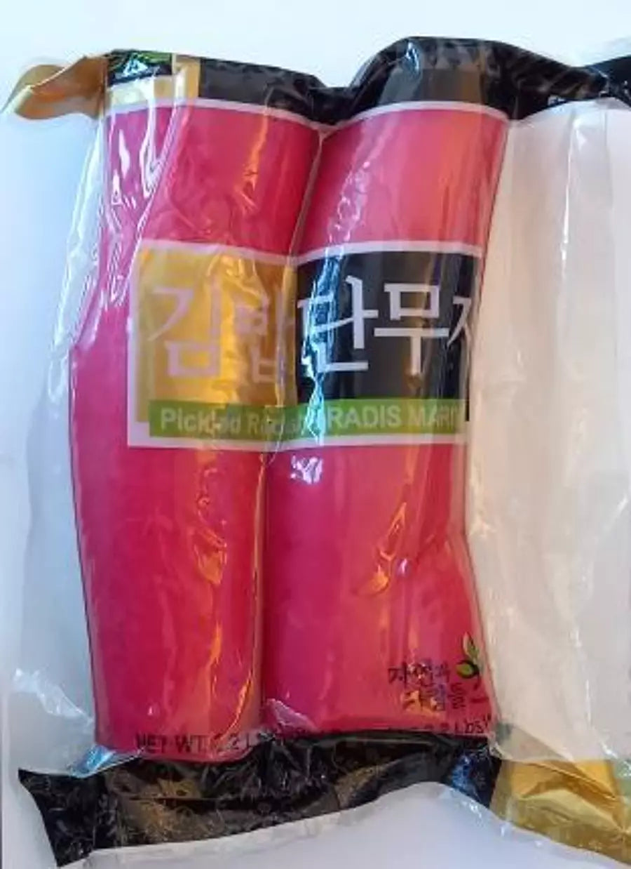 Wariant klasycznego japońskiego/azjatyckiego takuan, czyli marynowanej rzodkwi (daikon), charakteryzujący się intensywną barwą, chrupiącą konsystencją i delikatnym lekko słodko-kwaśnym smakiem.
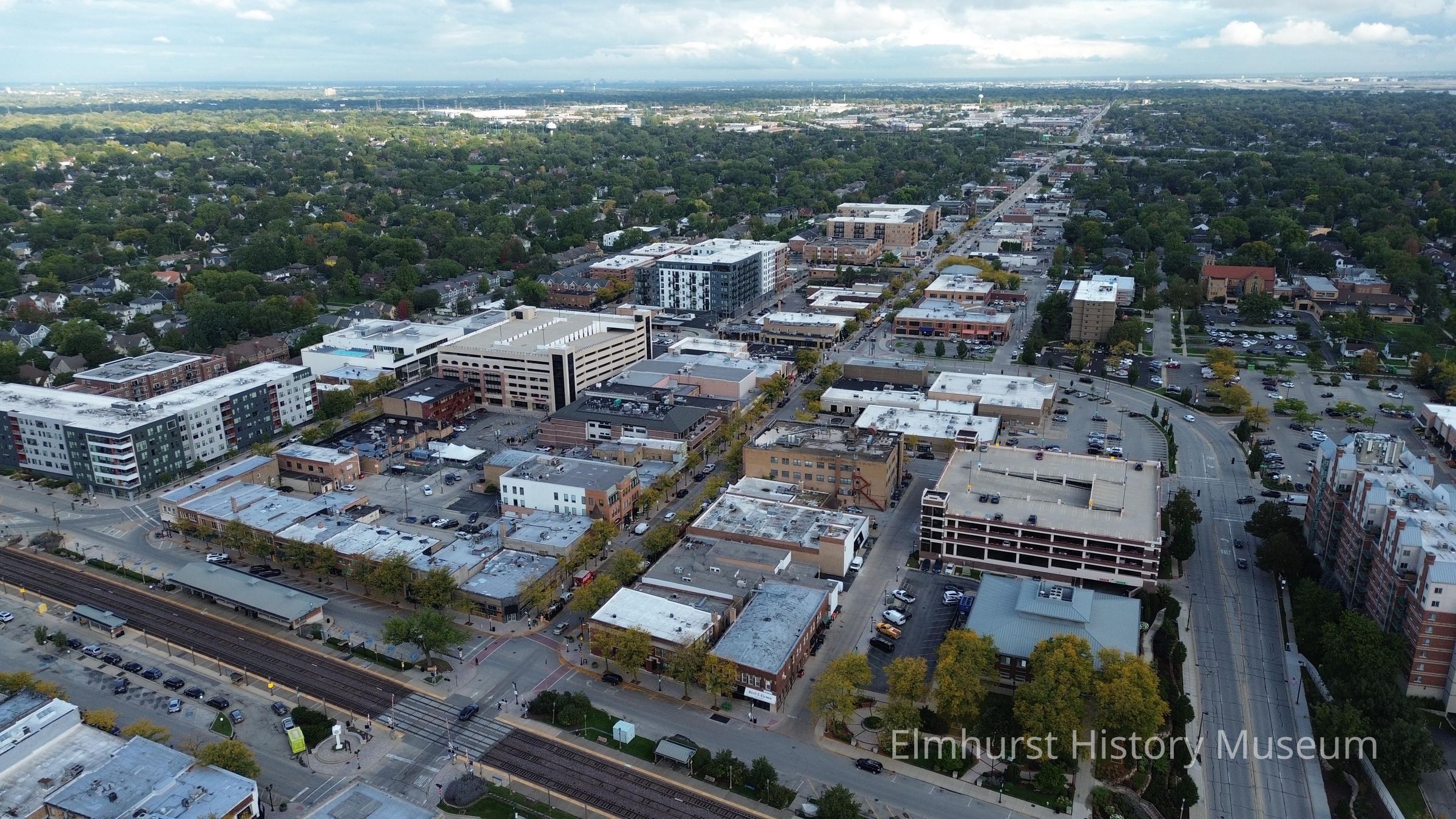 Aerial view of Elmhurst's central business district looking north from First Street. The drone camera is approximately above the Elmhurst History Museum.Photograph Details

☆ ☆ ☆ ☆

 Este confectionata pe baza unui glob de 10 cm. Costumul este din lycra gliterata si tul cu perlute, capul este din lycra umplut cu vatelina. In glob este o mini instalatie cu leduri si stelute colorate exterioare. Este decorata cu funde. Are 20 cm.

☆ ☆ ☆ ☆

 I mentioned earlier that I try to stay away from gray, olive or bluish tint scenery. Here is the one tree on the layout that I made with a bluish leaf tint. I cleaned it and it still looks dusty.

☆ ☆ ☆ ☆

--- Work task ---
Find the line with "Wariant klasycznego japońskiego/azjatyckiego" and the line with "Aerial view of" in the records above. Copy both and all lines between them exactly, without pictures.

--- Problem solution ---
 Wariant klasycznego japońskiego/azjatyckiego takuan, czyli marynowanej rzodkwi (daikon), charakteryzujący się intensywną barwą, chrupiącą konsystencją i delikatnym lekko słodko-kwaśnym smakiem.
 Aerial view of Elmhurst's central business district looking north from First Street. The drone camera is approximately above the Elmhurst History Museum.Photograph Details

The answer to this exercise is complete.